Orda dağlar bir mezarlık
Bulutlar kan salkımı sular toprakta düğüm
Orda evler oda oda kanarken
Burda yeşerenin canı cehenneme.
Ey bir halkın gözyaşıyla ruhunu yıkayan kin
Ey zulümle yükselen başarı
Ölü sayısına endeksli maaş
Uzun masallar ardında mağrur
Boynunda ölüm çanıyla oturan güç
Senin de senin de canın cehenneme
Ey sultan hamit tuğralı korucu alayları
Kardeşi kardeşe kırdıran siyaset. . .
Bir gün elbet, bir gün elbet
Örter üstünü bu ağır yanlışın
Sevgiyle, yalnızca sevgiyle işlenen
Bir dal incelik, bir simli gülüş
Bir kardeş mavi.
19. Yanıtını bildiği soruları sorar bir de
Hem de Edip Cansever’e, hem de hepimizin sormak isteyip de muhatap bulamadığı soruları… “Mezar taşlarıyla barış olur mu” okuyucu?

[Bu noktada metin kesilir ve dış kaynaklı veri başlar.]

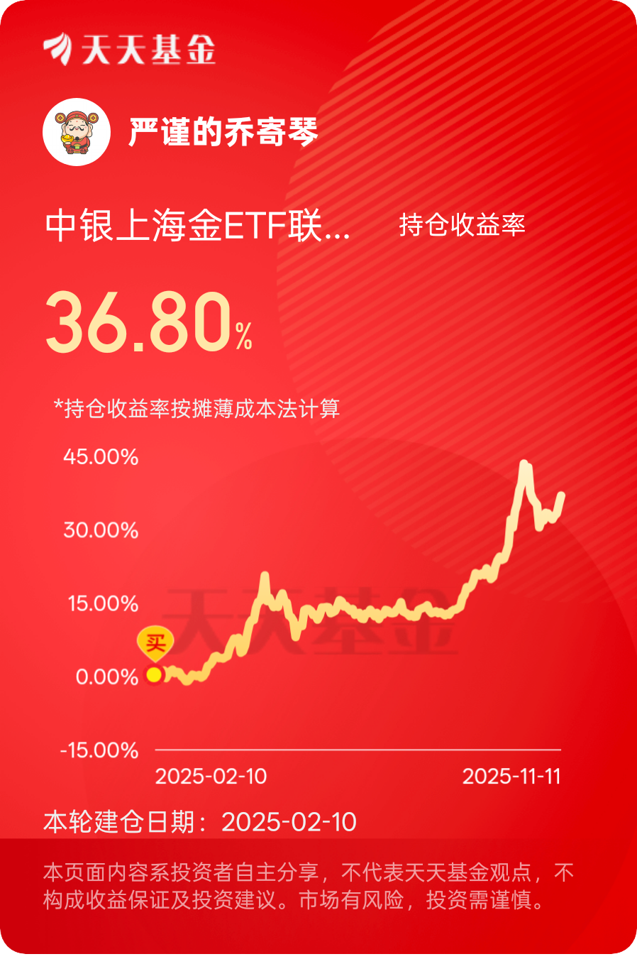 一段时间没来看,又是几天连涨黄金放着就行,遇到好机会我再补点$中银上海金ETF联接A$ #晒收益#
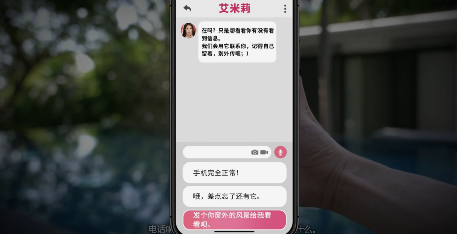 2、选择【发个你窗外的风景给我看看呗。】,艾米莉+5。
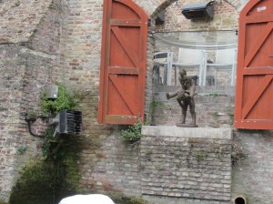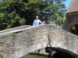 Leaving the church, we continued our walk under skies that we will remember as being “Bruges blue”. We wound our way along the canal passing by quaint little bridges and houses. Every few minutes another boat would cruise by loaded with camera-wielding passengers.

Yıldızların ülkesi var mıdır Edip
Dicle aktığı toprakları seçer mi?
Kasrik Boğazı’ndan esen kanlı zemheri
Yalnız Kasrik’te mi üşütür insanı?
Herkes türküsünü elbet kendi sesiyle söyler
İnsanın dili boynuna kement olur mu?
Öldürmeye ekinlerden başlayan adamlar
Eşiklere nasıl bir zulümle gelirler?
Kimsenin kalmadığı darmadağın köylerde
“Önce Vatan” yazısı bir hüzün değil midir?
Bunca kanın helalini kim kime nasıl ödee
Mezar taşlarıyla barış olur mu?
Gecesi buz anısı kül ışığı kırbaç
Hangi gurbet bir sürgünün yüreğini doldurur
“Kim istemez şad olmayı cihanda” Edip
Viranede baykuş sesi zafer midir?..
20. Bunca şiiri yazdın da ne oldu Şükrü Abi?
Biz sormuyoruz, şair soruyor.
Şimdi ben bunca şiiri
Yazdım da ayrılıklar mı bitti.
Kim eşiğinden çıktı da dışarı
Ben yalnızım, bunaldım
Ne olur bir ses
Diye birini ünledi.
Herkes kendi yüzünün hapsinde
Gülüyor başkasının kusuruna
Lunapark aynalarında
Tükeniş kılıktan kılığa giriyor.
Şimdi ben bunca şiiri
Yazdım da ülke mi düzeldi.
Artık evlerde vuruyorlar çocukları
Babaların alkışları arasında.
Özgür dilediğini düşünmekte herkes
Ancak ışık vermeden
Yakacaksın mumunu!
Devletin bekası için
Karakollar değilse de
Dayaklar şeffaf oldu.
Şimdi ben bunca şiiri
Yazdım da yoksulluk mu bitti.
Bir kıyısız zenginliğin büyüsünde
Koca bir halk küçüldükçe küçüldü.
Bilet bacak fal
Bilet bacak fal
İki reklam arasında bolca hayal…
Kurtardı gemisini bu siste birileri
Varılan kıyılarda eyvah
Eyvah ki deniz bitti…
21. Bonus: Film festivalinde şiir ödülü
2013 yılında 17. Altın Portakal Film Festivali’nde “Bağbozumu Şarkıları” adlı eseriyle ödüle lâyık görüldü Şükrü Erbaş.